▸ **Assignment**: Would you copy the entries that follow exactly, leaving out every picture?

-- Given data follows --

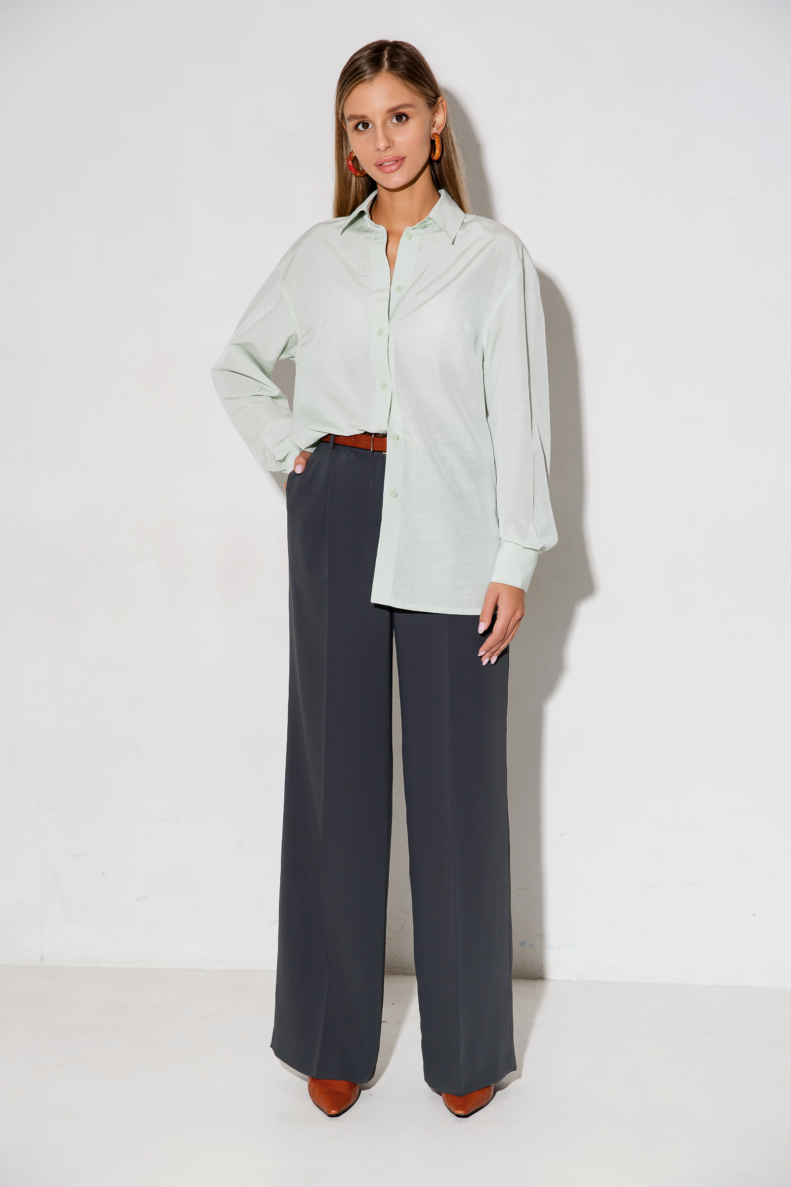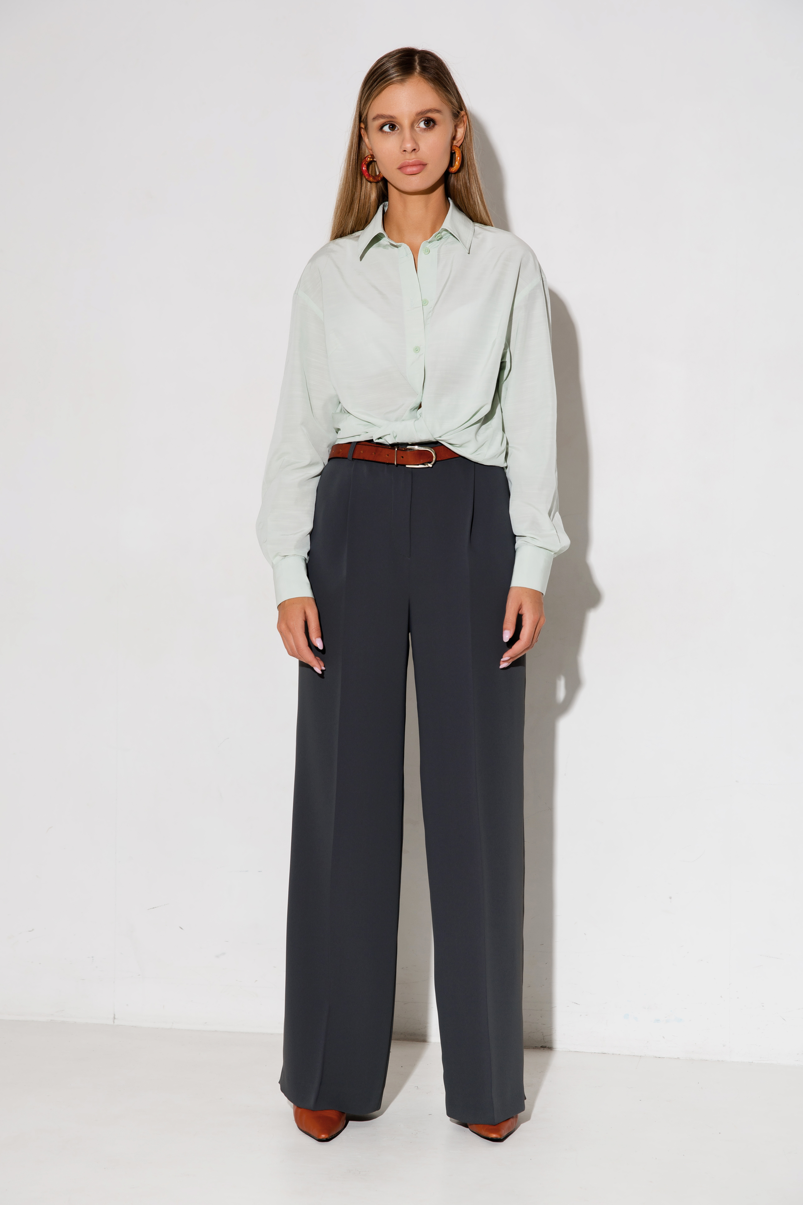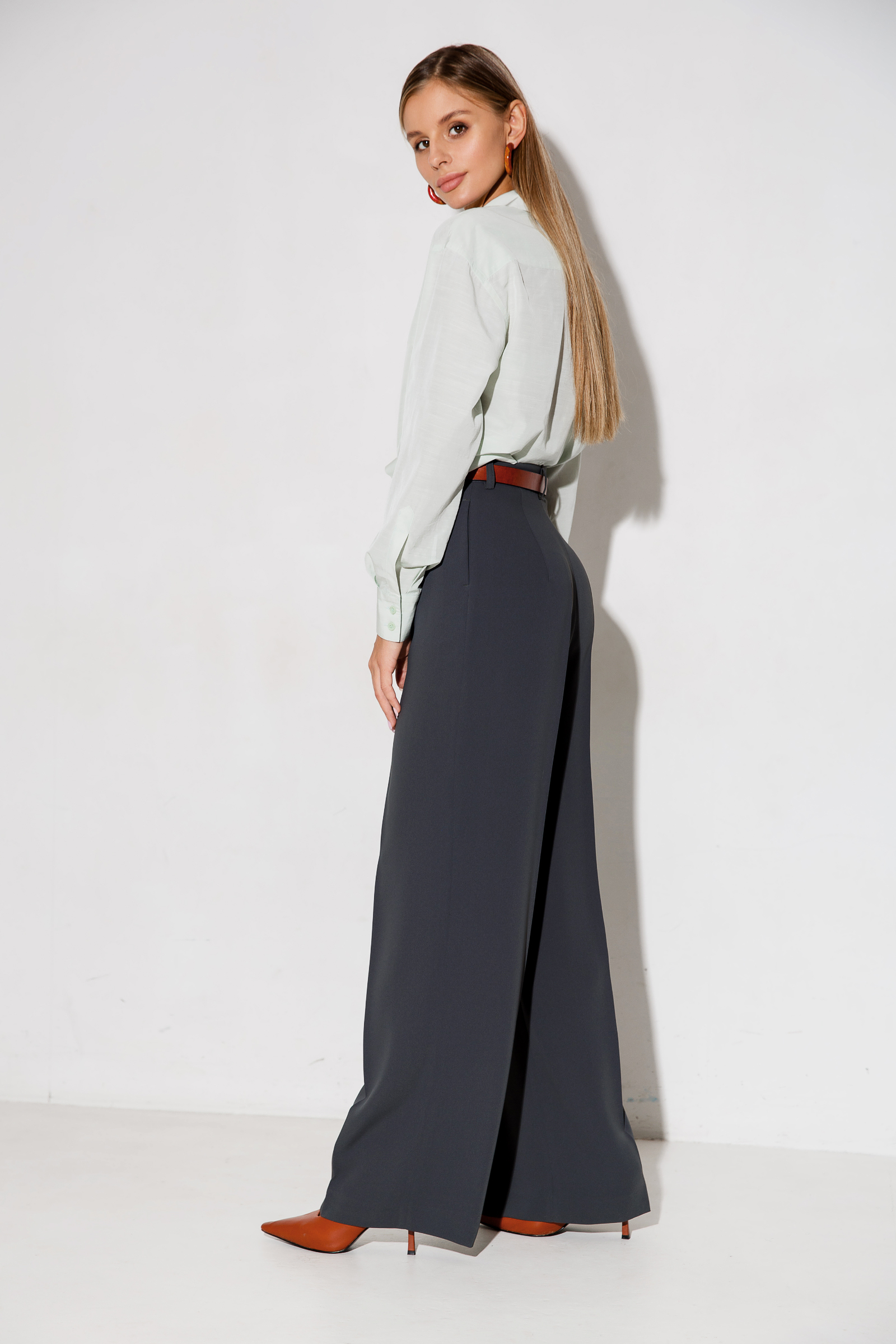 1. Брюки Джес-брюки прямого силуэта, объемные, имитация застежки-гульфик на молнию, в боковых швах карманы, притачной пояс.
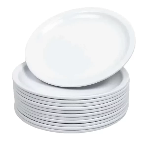 Renueva tu vajilla con este pack de 300 platos de melamina blanca de 23 cm, ideal para escuelas y restaurantes.
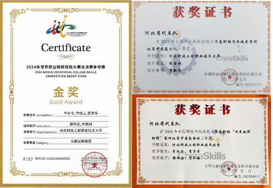 团队主要成员在维修、教学、技术实操领域均有深厚积累和专业实力。有2人获得高级维修技师、1人为机动车检测工技师,2人为河北省技术能手,1人为全国技术能手。
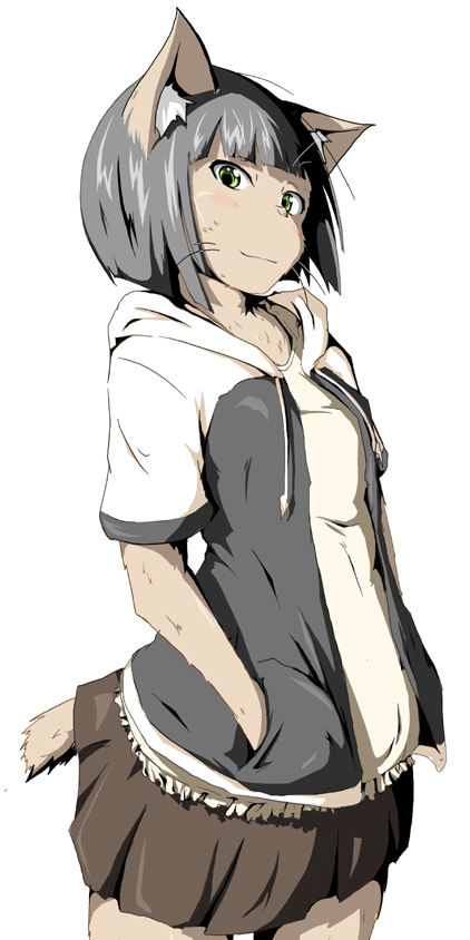 1girlanimal earsblunt bangscat earscat girlcat tailfemale focusfurryfurry femalegreen eyeshands in pocketshoodhoodielooking at viewersimple backgroundskirtsmilesolotailwhiskerswhite background
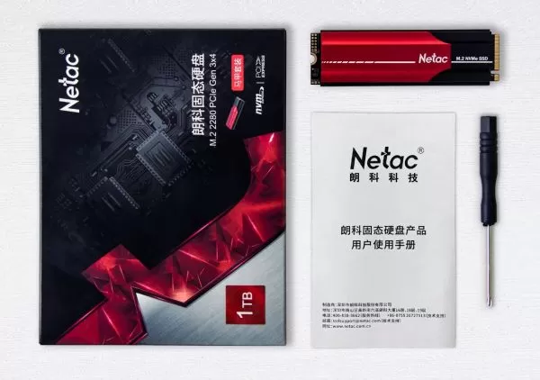 右上角是朗科“Netac”英文logo,显得很有辨识度。左下角则以醒目的红底白字方格突出这款产品的容量为1TB。
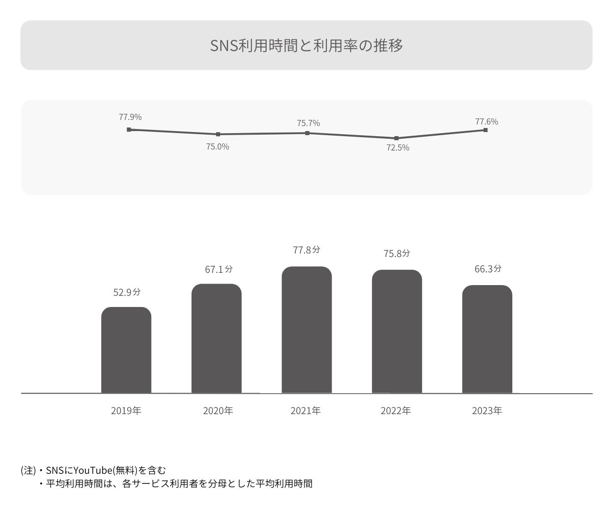 SNSの利用率は、2022年と比較し5.1ポイント上昇。2019年に近い水準まで回復しました。
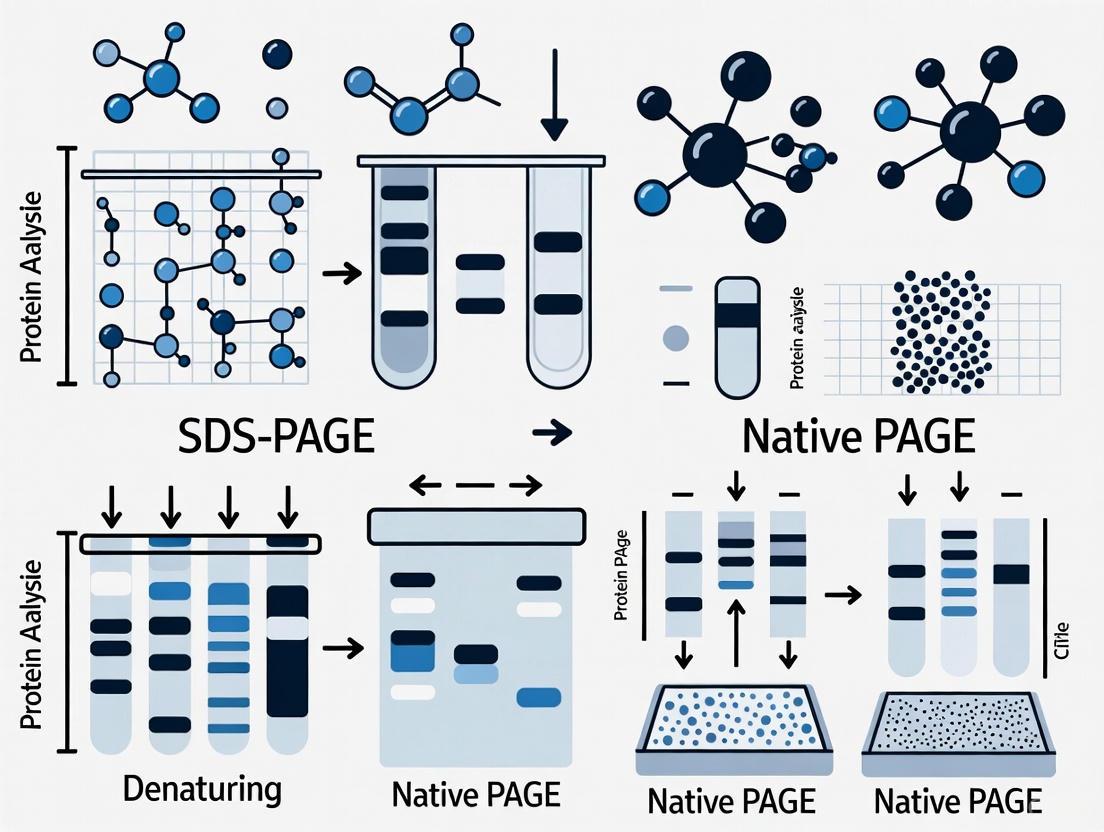 SDS-PAGE and Native PAGE operate on different separation principles that inherently dictate their suitability for downstream applications. Understanding these core mechanisms is essential for selecting the appropriate method for specific research goals.

-- Given data concluded --

▸ **Completed exercise**:
 1. Брюки Джес-брюки прямого силуэта, объемные, имитация застежки-гульфик на молнию, в боковых швах карманы, притачной пояс.
 Renueva tu vajilla con este pack de 300 platos de melamina blanca de 23 cm, ideal para escuelas y restaurantes.
 团队主要成员在维修、教学、技术实操领域均有深厚积累和专业实力。有2人获得高级维修技师、1人为机动车检测工技师,2人为河北省技术能手,1人为全国技术能手。
 1girlanimal earsblunt bangscat earscat girlcat tailfemale focusfurryfurry femalegreen eyeshands in pocketshoodhoodielooking at viewersimple backgroundskirtsmilesolotailwhiskerswhite background
 右上角是朗科“Netac”英文logo,显得很有辨识度。左下角则以醒目的红底白字方格突出这款产品的容量为1TB。
 SNSの利用率は、2022年と比較し5.1ポイント上昇。2019年に近い水準まで回復しました。
 SDS-PAGE and Native PAGE operate on different separation principles that inherently dictate their suitability for downstream applications. Understanding these core mechanisms is essential for selecting the appropriate method for specific research goals.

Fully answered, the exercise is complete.